中国の労働法第41条によると、時間外労働時間が通常1日1時間を超えてはならないとされています。

また、例外も認められています。

やむを得ない理由がある場合、労働者の健康を保障する条件下で、1日3時間以内であれば労働時間を延長することが可能です。

ただし、1か月あたりの時間外労働時間が36時間を超えてはいけません。

時間外・休日労働の賃金

日本の労働法に比べ、中国の労働法では、時間外・休日労働の賃金がかなり高く設定されています。

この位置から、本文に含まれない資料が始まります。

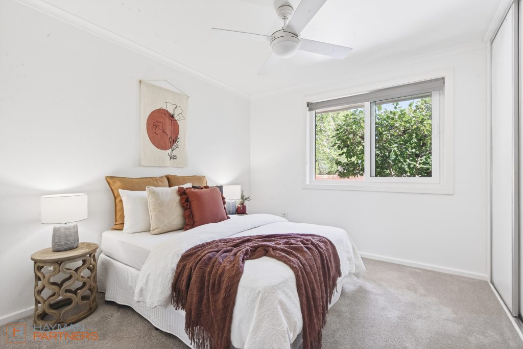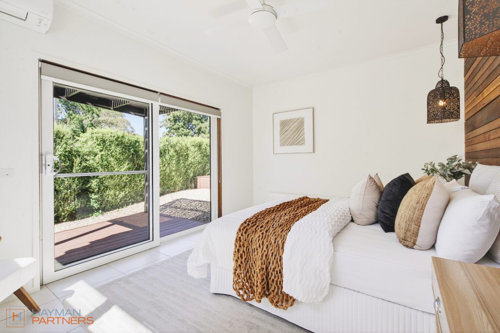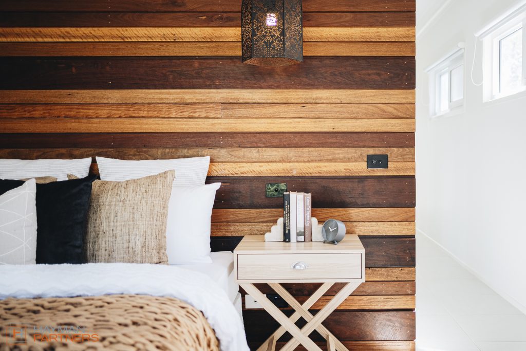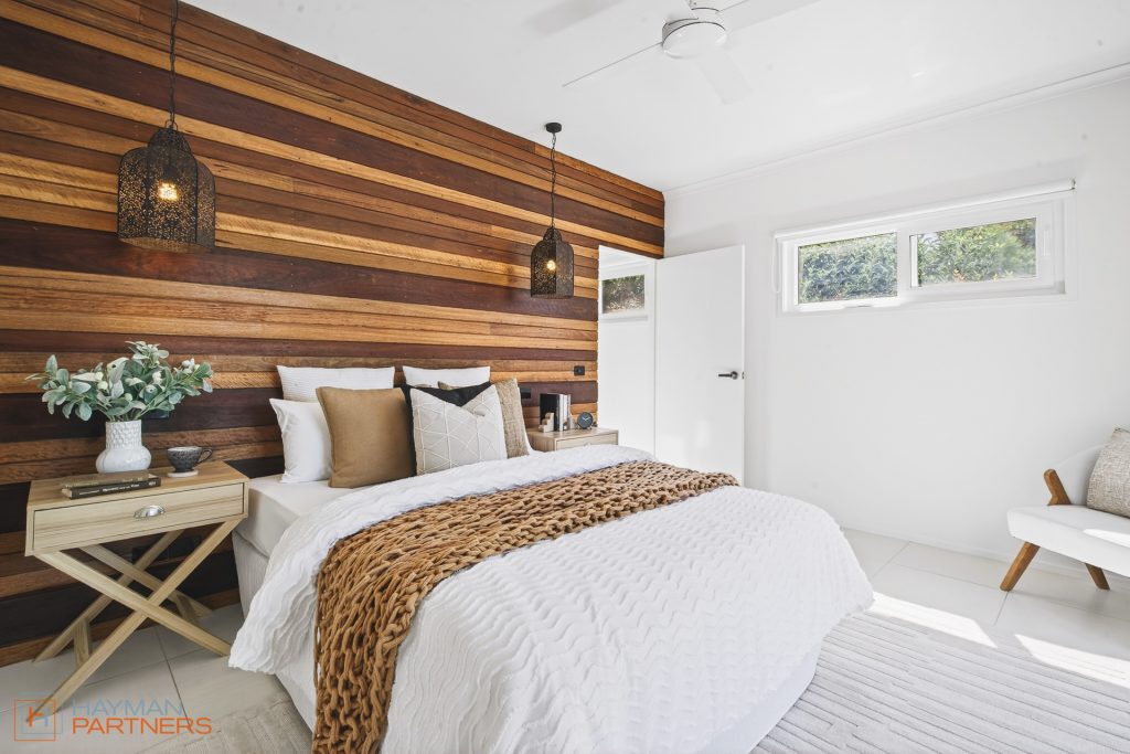 – Private downstairs bedroom retreat with timber feature wall, walk-in robe, ceiling fan, wall heater and timber deck

中国の労働法で定められている割増賃金の規定は以下のとおりです。

平日の残業代→労働者の時給の150%

土日の残業代→労働者の時給の200%

休日の残業代→労働者の時給の300%

なお、土日については、労働者に代休を与えれば残業代を支給する必要はないとされています。

出産休暇の規定

日本の労働法では、出産休暇は産前42日、産後56日と規定されています。

一方、中国では最低でも90日の出産休暇を取得することが可能です。

加えて中国では、難産の場合は15日、高齢出産の場合は44日休暇を加算するなど、地区ごとに補充規定が設けられている場合がほとんどです。

秘密保持契約の規定

日本の労働法には機密保持契約に関する規定はありませんが、中国の労働法には規定があります。

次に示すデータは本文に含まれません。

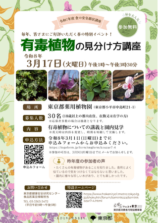 令和7年度 食の安全都民講座 有毒植物の見分け方講座 参加者募集!

中国の労働法に秘密保持契約の規定が設けられている背景として、中国人は日本人に比べて転職が多く、企業への忠誠心が低い傾向にあることが挙げられます。

そのため、中国では秘密保持契約の規定を明確に結んでおく必要があります。

退職金制度の有無

日本とは異なり、中国で円満退職した際は退職金が支払われることはありません。

しかし、解雇など何らかの事情がある際は、中国でも退職金が支給されます。

この退職金を経済補償金と言います。

まとめ

今回は中国の労働法の主な内容、中国の労働法と日本の労働法の違いについて解説しました。

中国人の方と一緒に働いていて違和感を感じた時は、もしかしたら中国と日本の労働法の違いが関係しているかもしれません。

お互いの価値観を尊重し、より効率的な労働環境の実現を目指しましょう。